For sustained operations, the path is operational discipline rather than reactive crisis response. Senders who treat email infrastructure as ongoing operational practice continue producing good outcomes. Senders who treat it as periodic crisis management see degrading outcomes.
The April 2026 update is operationally manageable. Future updates will be similarly bounded. The cumulative effect of multiple updates over years is significant. Senders who keep current produce sustainable operations. Senders who fall behind face accumulating remediation work.
We continue working with customers across all affected segments. The technical implementations are bounded. The operational discipline is sustained. The customer relationships built through this kind of ongoing operational quality compound over time.
For other operators reading this with mailing list, forwarding, or complex routing scenarios: the update is operationally meaningful. The work to address it is bounded. The benefit of addressing it is sustained deliverability at Microsoft consumer and corporate destinations.
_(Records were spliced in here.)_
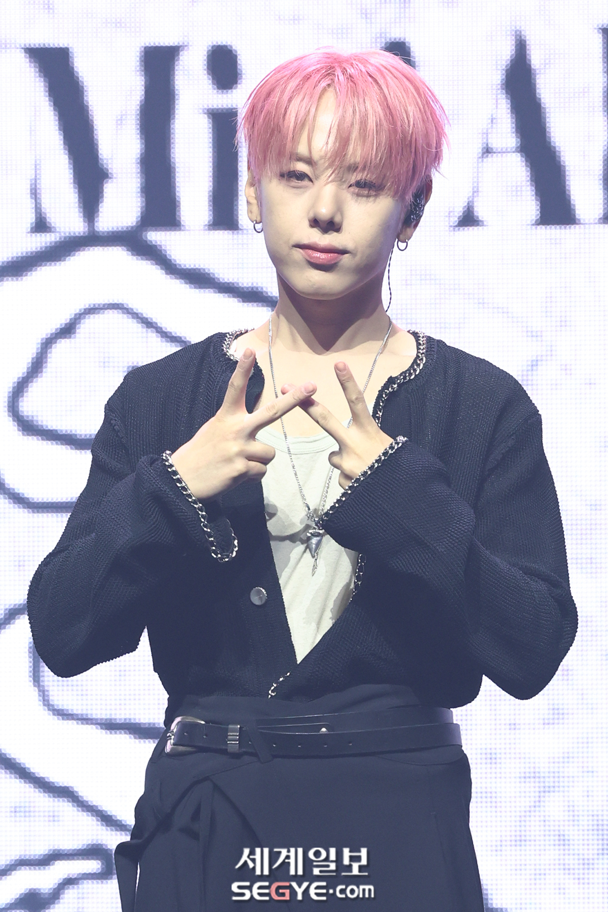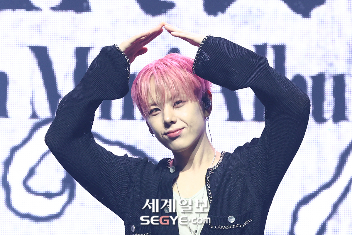 그룹 위아이 장대현이 29일 서울 광진구 예스24라이브홀에서 진행된 미니 8집 ‘원더랜드(Wonderland)’ 발매 기념 쇼케이스에서 포즈를 취하고 있다.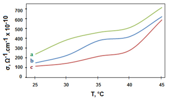In general, the electrical conductivity of the polymeric composites can be promoted by adding a conductive nanomaterial into the polymer phase. The enhancement performance is owing to the formation of a permanent conductive network along with the polymer structure. The electrical conductivity values of polymer materials containing conductive nanofillers depend on nanophase content, dispersion area, temperature, and the particle size of the nanocomposites [57]. The electrical conductivity of PES, WO3-PES NC, and ZnO-PES NC is displayed in Figure 7. From the graphs, conductivity measurements progressively increased by increasing temperature. This action corresponds with the typical ionization performance of functional COOH in the polyester matrix. High conductivities are correlated to the nano solids and heat effects [58].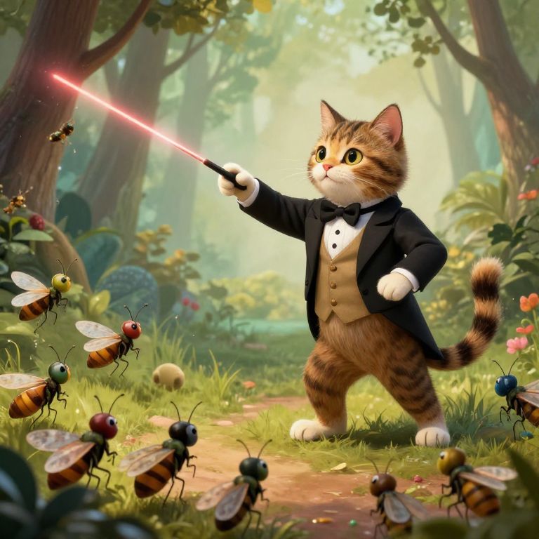 In a whimsical realm where imagination reigns supreme, a feline maestro adorned in formal attire wields a laser pointer as a baton, conducting an enchanting symphony that ignites wonder and captivates an audience of enchanted insects, their synchronized movements mirroring the harmony of creation itself.
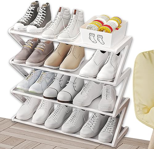 Qizeroty Étagère À Chaussures Petite Étagère De Rangement Multifonctionnelle en Forme De Z, Organisateur De Rangement pour Baskets À Plusieurs Niveaux pour L'entrée, Le Couloir Et Le Coin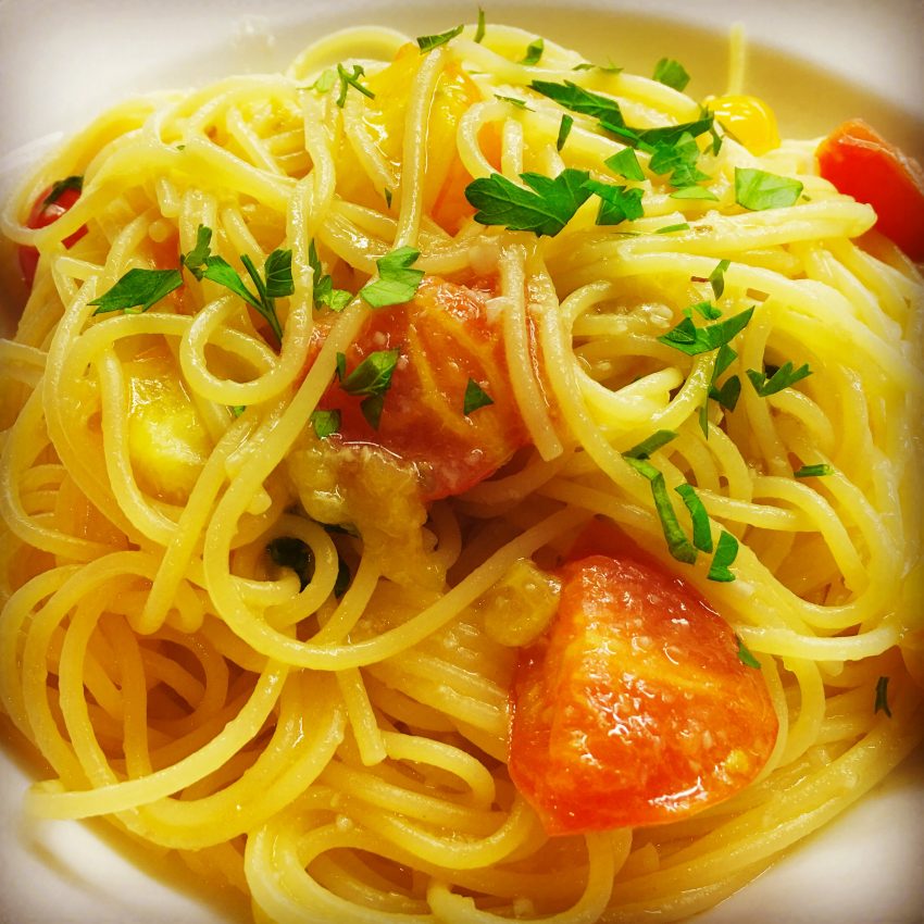 「アイコトマトのペペロンチーノスパッゲティ¥1,400」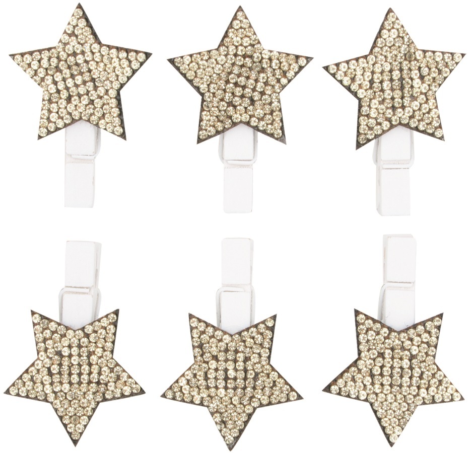 Hvězda se zlatými kamínky na kolíčku 3 cm 6 ks
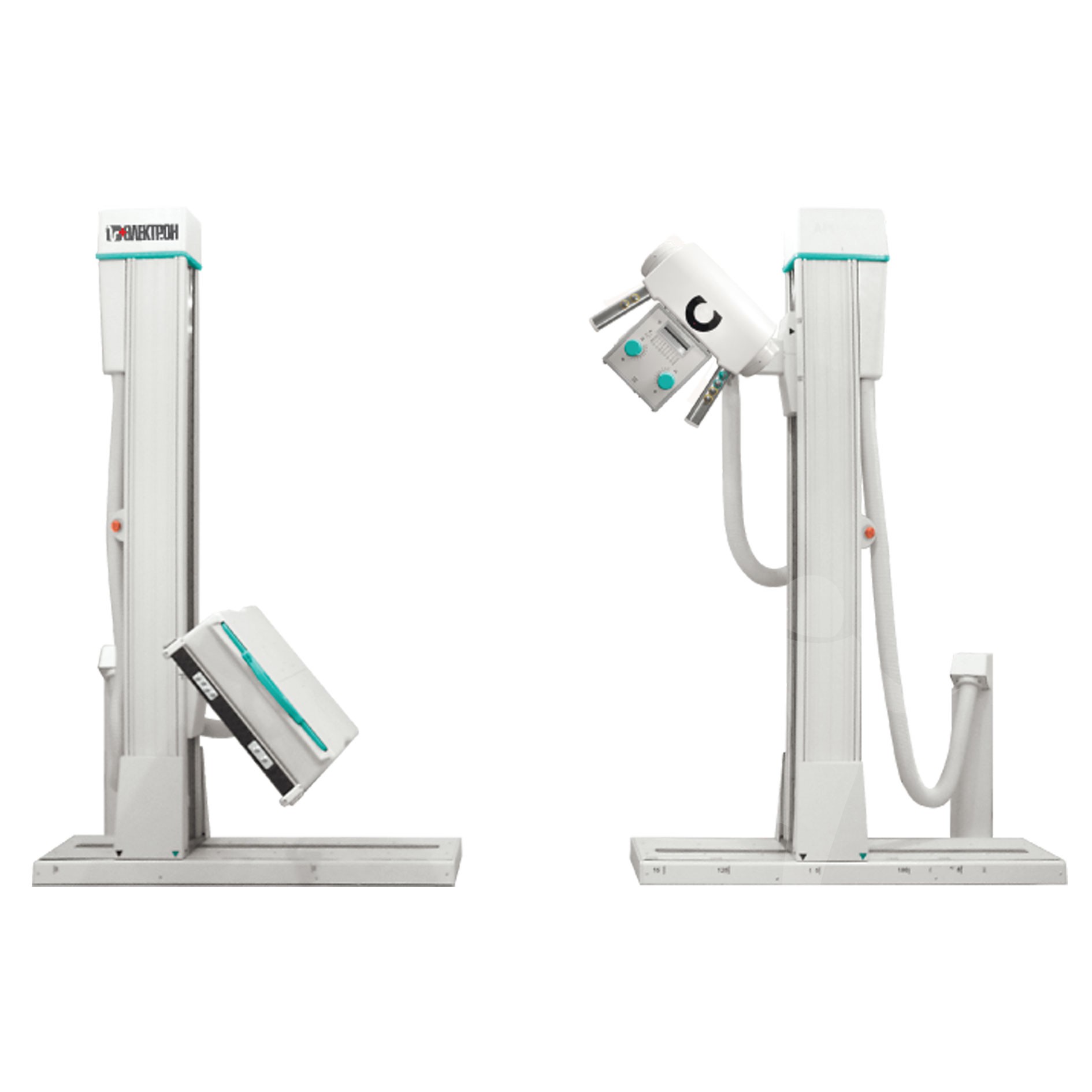Система предназначена для проведения исследований пациентов в положениях сидя, стоя и лежа. Высокая маневренность приемника и излучателя позволяет максимально удобно проводить исследования на каталке. Штатив обеспечивает съемку в латеропозиции без дополнительных приспособлений.

The investment is justified for affected operations.
The standard authentication infrastructure remains the foundation. ARC is the additional layer for specific scenarios. Trusted sealer configuration is the operational refinement. Each layer is bounded individually; the cumulative discipline is the operational reality of email infrastructure in 2026.
Email infrastructure continues becoming more sophisticated. The customers we work with who have been investing in operational quality continue to be the ones operating successfully. The path forward continues to be operational discipline rather than shortcut-seeking. The April 2026 update is one more validation of this operational philosophy.